I have a fine Eighteenth Century banquette in my drawing-room, the frame being carved and gilded and the seat covered with Venetian red velvet. You will find these gilded stools all over England. There are a number at Hampton Court Palace. At Hardwick there are both long and short stools, carved with the dolphin's scroll and covered with elaborate stuffs. The older the English house, the more stools are in evidence. In the early Sixteenth Century joint stools were used in every room. In the bedrooms they served the purposes of small tables and chairs as well. There are ever so many fine old walnut stools and the lower stools used for bed-steps to be bought in London shops that make a specialty of old English furniture, and reproductions of them may be bought in the better American shops. I often wonder why we do not see more bedside stools. They are so convenient, even though the bed be only moderately high from the floor. Many of mine are only six inches high, about the height of a fat floor cushion.
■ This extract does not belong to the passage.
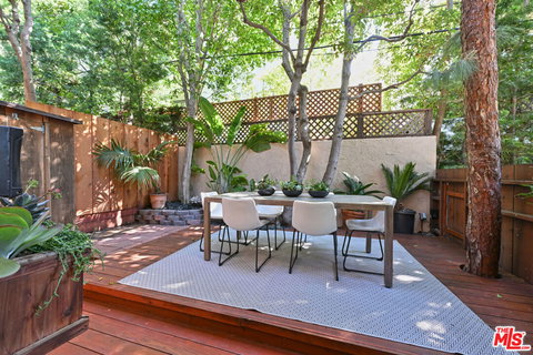 When you step into this updated 2-bedroom, 2-bath rustic architectural townhome, you are in for a wonderful surprise! You are in the heart of Brentwood, at the end of a cul-de-sac, but you will feel like you are in a serene, private country setting. Just a short distance from this ideal location, you can enjoy trendy restaurants, shops, Whole Foods Market, Brentwood Country Mart, a park, recreation center, tennis courts, a dog park and much more. The open living area with wood paneled walls and parquet hardwood flooring, leads to a large, newly updated patio, surrounded by mature trees, providing the best of indoor/outdoor living and the California lifestyle. Imagine the pleasure of cooking in a kitchen with a picture window to nature. Both bedrooms have ample closet space, ceiling fans and their own balconies with tree-top views. Side-by-side laundry is a welcome convenience. Other features include, forced air heating and air conditioning installed in 2019, new tankless water heater, copper plumbing, recessed lighting, large screen living room TV, build-in wine refrigerator, extra storage, plus low homeowners' dues. This woodsy, low-density complex consists of 3 stand-alone townhouse style buildings, with a total of 16 units. Seize this opportunity to live in a tree-filled peaceful setting with all the amenities of Brentwood city life close by.

A CREAM-COLORED PORCELAIN STOVE IN A NEW YORK HOUSE
Which reminds me: the floor cushion, made of the same velvet made for carpeting, is a modern luxury we can't afford to ignore. Lately I have seen such beautiful ones, about three feet long and one foot wide, covered with tapestry, with great gold tassels at the corners. The possibilities of the floor cushion idea are limitless. They take the place of the usual footstool in front of the boudoir easy chair, or beside the day bed or chaise-longue, or beside the large bed, for that matter. They are no longer unsanitary, because with vacuum cleaners they may be kept as clean as chair cushions. They may be made to fit into almost any room. I saw a half dozen of them in a dining-room, recently, small square hard ones, covered with the gold colored velvet of the carpet. They were not more than four or five inches thick, but that is the ideal height for an under-the-table cushion. Try it.
PORCELAIN STOVES.
When the Colony Club was at last finished we discovered that the furnace heat did not go up to the roof-garden, and immediately we had to find some way of heating this very attractive and very necessary space. Even from the beginning we were sadly crowded for room, so popular was the club-house, and the roof-garden was much needed for the overflow. We conferred with architects, builders and plumbers, and found it would be necessary to spend about seven thousand dollars and to close the club for about two months in order to carry the heating arrangements up to the roof. This was disastrous for a new club, already heavily in arrears and running under heavy expenses. I worried and worried over the situation, and suddenly one night an idea came to me: I remembered some great porcelain stoves I had seen in Germany. I felt that these stoves were exactly what we needed, and that we should be rescued from an embarrassing situation without much trouble or expense. I was just leaving for Europe, so I hurried on to the manufacturers of these wonderful stoves and found, after much difficulty, a model that seemed practicable, and not too huge in proportion. The model, unfortunately, was white with gilded garlands, far too French and magnificent for our sun-room. I persuaded them to make two of the stoves for me in green Majolica, with garlands of soft-toned flowers, and finally we achieved just the stoves for the room.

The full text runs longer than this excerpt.